Lost in Translation
It’s been a while since I posted anything here. In addition to doubling up on my AI course load, I’ve been doing some work on the side for a colleague who’s VP of Development for an AI startup that does assessments. I’ve found some very interesting results in analyzing the semantic impact of machine translation, so I thought I’d document them here.
The Back Story
My friend has been grappling with a tough natural language processing problem, and he came to me to see if I could help out. He’s been using Microsoft’s open-source NLP DSSM, specifically Sent2Vec (S2V) to evaluate the semantic similarity between two sentences. At a high level, the way it works is that with input of an English sentence, S2V generates a 128-dimensional vector representing the semantics of the sentence. A parallel network then does the same for another sentence, generating another 128-dimensional vector. A similarity score is then generated by taking the cosine similarity of the two vectors (effectively a proxy for the angle between the vectors in multidimensional space). Sentences that are semantically identical would get a 1 (co-linear vectors). I’m new to NLP, so this part I’m not sure about, but from what I’ve read, a 0 score means orthogonality, which presumably means sentences that literally have nothing to do with one another. Finally, I’m also inferring that a -1 (180 degrees) would mean exact semantic opposites (whatever that entails).
Challenge
His challenge is that the S2V is only trained in English, and he needs to do these evaluations on Hungarian. It seems his angle of attack for now is training his own model (or something else already out there) on a Hungarian corpus in the hopes of getting a similar level of accuracy to the pre-trained Microsoft DSSM’s English accuracy. He gave me the problem very briefly before going on vacation, so there hasn’t been much opportunity to ask questions. However, after reading more about S2V, I don’t feel optimistic that one could train a latent semantic mapping to be effective on Hungarian with the resources of a startup. As a Microsoft product, my understanding is that S2V was trained on Bing search data, matching queries in one network with labeled web documents via the other parallel network. My assumption is that it has been trained on vast amounts of data—after all, if you’re Microsoft and have access to all of Bing, why not?

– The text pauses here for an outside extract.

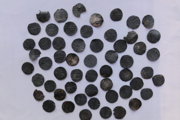 In 2014 local metal detectorist David Bartholomew (along with colleagues) found 59 Edward I silver pennies near Drumelzier by the Tweed. The wider landscape here is rich in archaeological activity with sites from prehistory as well as the medieval site of Tinnis Castle built into an early medieval hillfort.

Furthermore I don’t know what sort of sufficiently large labeled Hungarian corpus my friend could be training his LSM on. It felt like a boiling-the-ocean type problem to do this sort of things with the resources and the time-to-market imperatives of a startup. I could be wrong, but that’s how it felt.
Since my background is as a startup product manager, I’ve placed a huge emphasis on getting something “good enough” to market quickly, and that was the approach I took with this. Specifically, I had what might be a crazy idea: how close could the English S2V get if one were to simply machine-translate text from Hungarian into English and use that text instead? Certainly the results would be worse than using native English, but is it possible that the results would be better than a model trained from scratch by a small startup on Hungarian? It seemed possible.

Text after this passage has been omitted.